Вздохнув, он закончил, и верхние части его щек опять отразили черствое и жуткое спокойствие его профессионального чувства.
– Исполним же наш печальный обряд.
XVIIОн встал и устало глядел на Петровского. Он считал, что отдал достаточную дань человеческим чувствам. Петровский поднялся тоже. Ему казалось, что он пьян. И по-прежнему каждая часть его тела жила отдельно.
– Я должен приготовить ее, – сказал он, сделал шаг и остановился.
– Приготовьте, – осторожно согласился следователь.

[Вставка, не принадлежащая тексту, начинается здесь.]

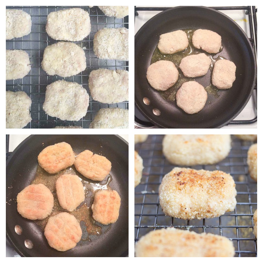 It took a few attempts, but I’m excited to share my creation with you today. I used a coating of our almond flour, dredged them in a cornstarch slurry (to act as the egg wash), pan fried them in a little olive oil, and then baked them until done. Super easy and super tasty!
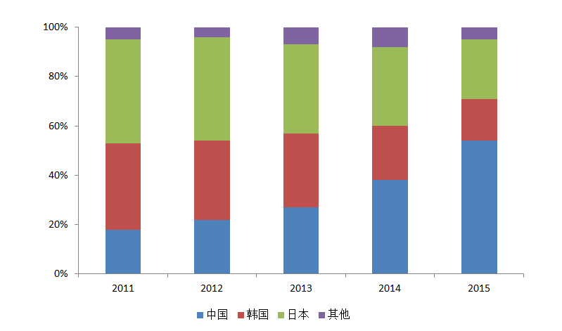 现在我国的动力电池产业可以说是全球风向标,但放在十年前,我们国家的动力电池队伍是处在行业尾部,跟日韩两国的全球市场份额完全没法比。凭借着集中力量办大事的能力,在国家政策的扶持下,中国动力电池企业强势崛起,从2011年算起,仅用4年时间,到2015年中国便成为了动力电池第一生产国,占据全球市场份额约54%。
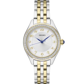 Seiko Watch - Seiko Ladies Crystal TT Silver Patterned, 2 tone SS/Gold Bracelet, Swarovski Crystals bezel
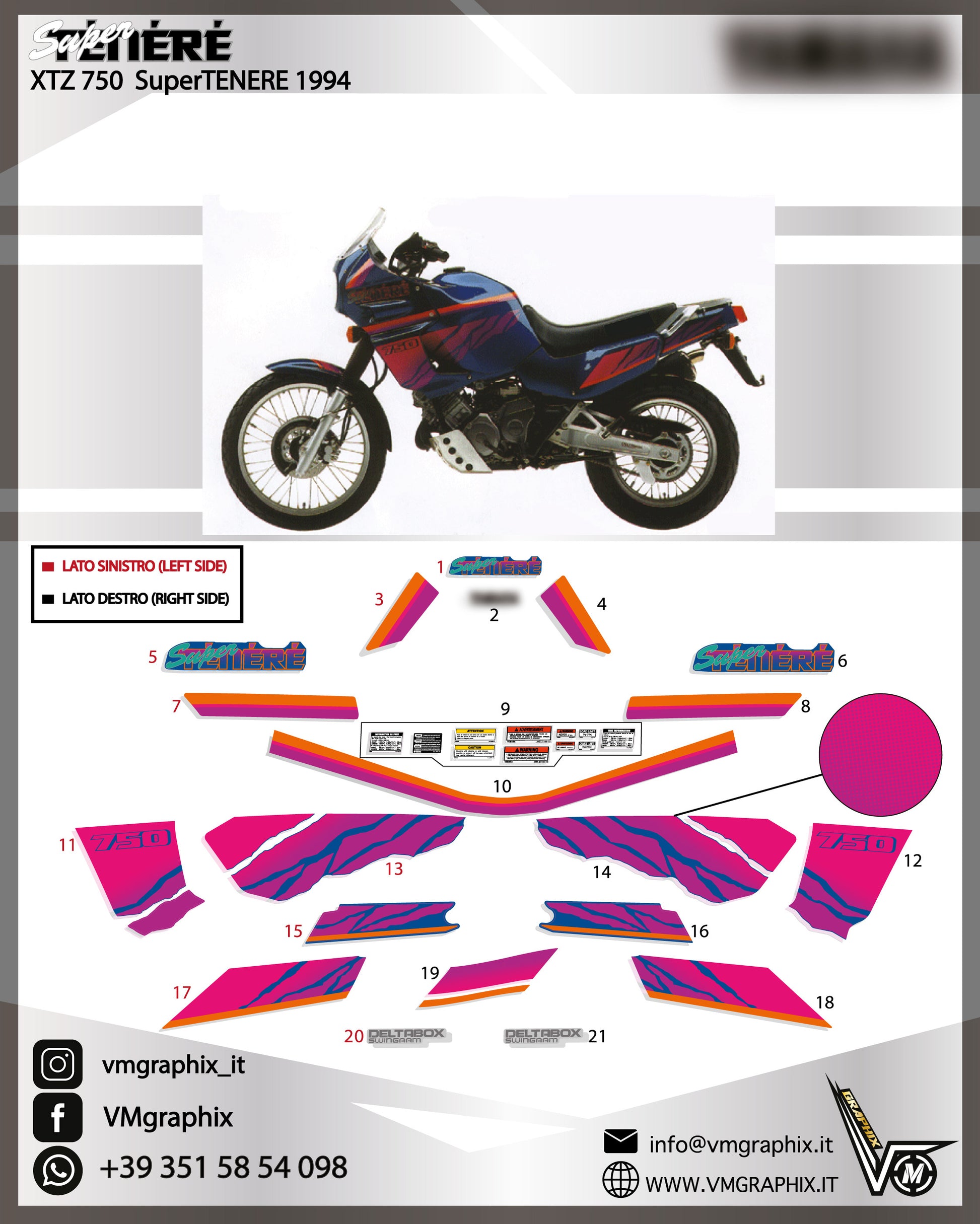 Kit di adesivi compatibili con YAMAHA XT 750 Z XTZ 750 SUPER TENERE 1994 moto blu - fucsia
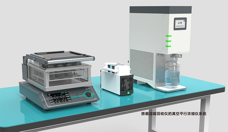 “干式”低溫冷凝——溶劑回收更高效 APE 系列不僅可以選擇傳統的冷卻循環水機搭配玻璃冷凝器對溶劑蒸汽進行冷凝回收,還可以選配 eSR220S 溶媒回收儀對溶劑蒸汽進行高效冷凝回收,溶媒回收儀采用“干式”低溫冷凝技術,無需使用冷卻循環液,-20℃低溫下對溶劑蒸汽直接進行冷凝,特別適合低沸點溶劑高效冷凝收集。
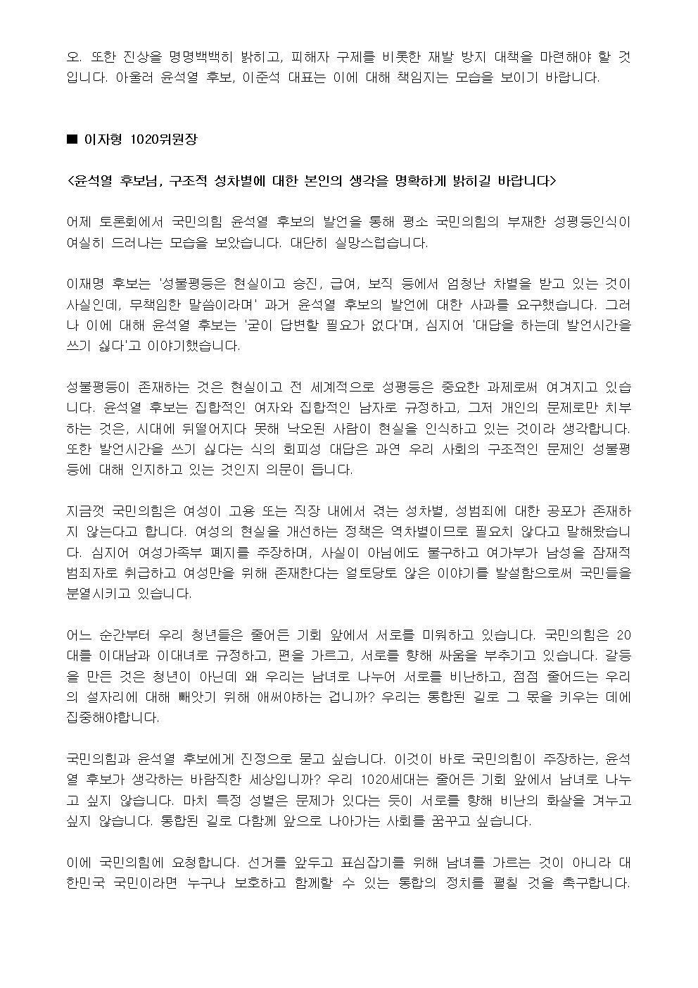 [기자회견문] 더불어민주당 다이너마이트 청년선대위 기자회견
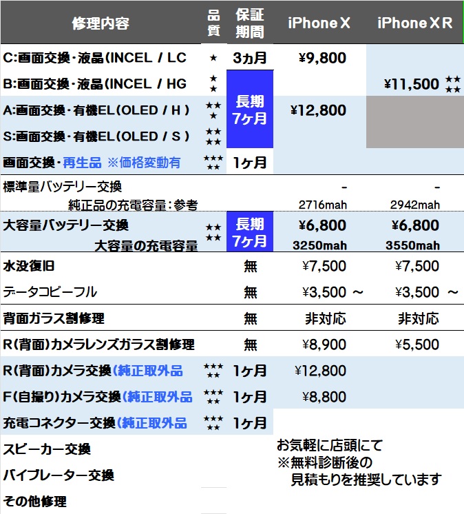 画面交換と大容量バッテリー交換が対象で
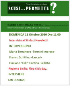 Sindaci neo-eletti protagonisti domenica 11 ottobre – ore 11:00 – del programma “Scusi… permette?” condotto da Pino Simplicio negli spazi di Radio Cammarata.
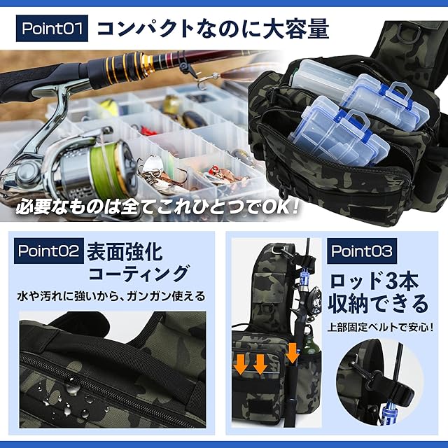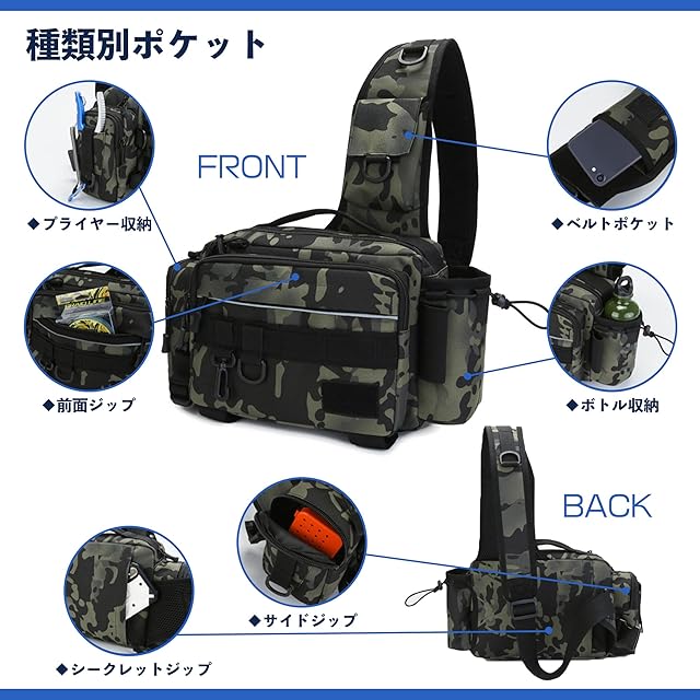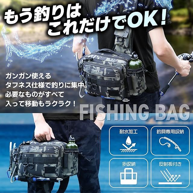 サイズ 27×20×13cm ✅ウエスト、ショルダー、手提げバッグとしても使用可能で釣り中の便利さを追求し、前掛けでも後ろ掛けでもご使用いただけます。その他のご使用例として、渓流、バス釣り、アウトドアやキャンプ、旅行など普段使いでもお使いいただけます。また自転車移動や歩いている際にもしっかり固定ができ、安心してお使いいただけます。

И вдруг опять неудержимо заколотилось сердце. Сделалось страшно пойти и переступить порог спальни жены. Казалось, что в тот же миг, как он раскроет рот, чтобы сказать ей о том, что ее будут сейчас допрашивать, совершится что-то недозволенное, отвратительное.
«Но это должен сказать ей я, – подумал он. – Я, я – и никто другой. И я должен просить у нее прощения… именно сейчас… я должен».

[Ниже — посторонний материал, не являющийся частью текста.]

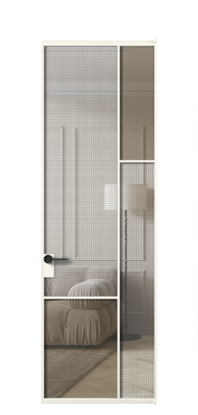 АЛПЛ041.12 Алюминий пудровый белый Декоративное стекло с сеткой "Mesh silver", триплекс, 6 мм + Прозрачное бронзовое стекло, триплекс
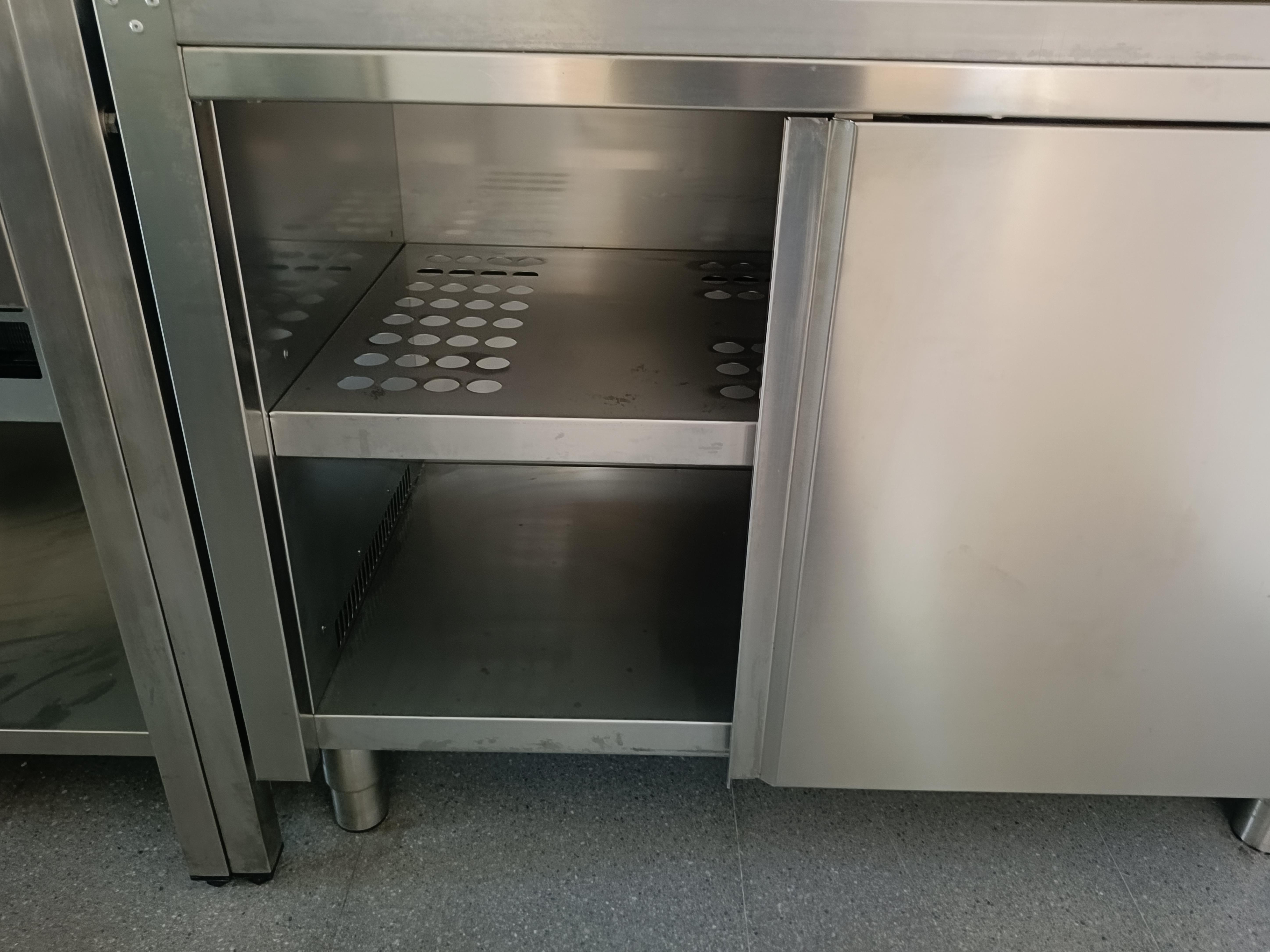 Description: Hot cupboard with two sliding doors for heating dishes before serving.
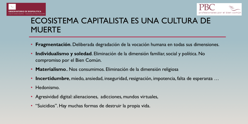 Una concepción antropológica adecuada materializada socialmente es fundamental para crear un ambiente social protector frente al suicidio. Sin embargo, la cultura actual: individualista, materialista y hedonista, ha reducido la dignidad humana hasta tal punto que ha generado un ecosistema pro-suicida. Las personas más vulnerables desde este punto de vista están cada vez más expuestas a un ambiente que ha roto o degradado las estructuras que conforman adecuadamente al ser humano.

Шатаясь, на чужих ногах, он медленно вышел из комнаты. Он шел, обдумывая те слова, которыми будет просить ее о прощении. Но слов не было. Несколько раз останавливался и шел опять. Наконец, подошел вплотную к двери спальни. Странный ужас рос. И вдруг он понял, отчего это так. Это оттого, что он до сих пор, до приезда следователя и до необходимости передать об этом ей, все еще не верил где-то в глубине души в совершение факта. А сейчас вдруг понял, что он есть, совершился, налицо. Раньше понимал умом, словесно, отвлеченно, а сейчас воспринял всем внезапно дрогнувшим сознанием.
Неуверенно он приотворил дверь в спальню.
В ровном сиянии лампады на него повернулось испуганное лицо Варюши. Она еще не знала, зачем он пришел, но ее испугало, что он вошел в спальню в этот час, так внезапно.
Нагнув голову, она смотрела на него тупо, исподлобья, поддерживая на руках двух сосущих груди младенцев.
И было в неудобном повороте ее головы и вытянутой вперед шее что-то нечеловеческое, жалко-собачье. Пахло пеленками и нежным детским телом. Громко тикал на столике будильник.
Петровский стоял в дверях, дрожа, зная, что сейчас произойдет самое отвратительное и позорное в его жизни. Держась за косяк двери, он старался усмирить дыхание.
«Я должен просить у нее прощения, – подумал он еще раз и, выдавливая из себя воздух, сказал глухо, останавливаясь на каждом слове:
– Варюша… прости…
Хотел прибавить: «Виноват один я». И для этого ухватился крепче за косяк и скобку двери. Но руки дрожали и дверь навалилась на него. Он хотел ее отстранить и не мог.
Варвара Михайловна спокойно видела, как грузное тело мужа, подаваясь назад, стало оседать. Он упал навзничь, и голова его звучно ударилась о натертый пол.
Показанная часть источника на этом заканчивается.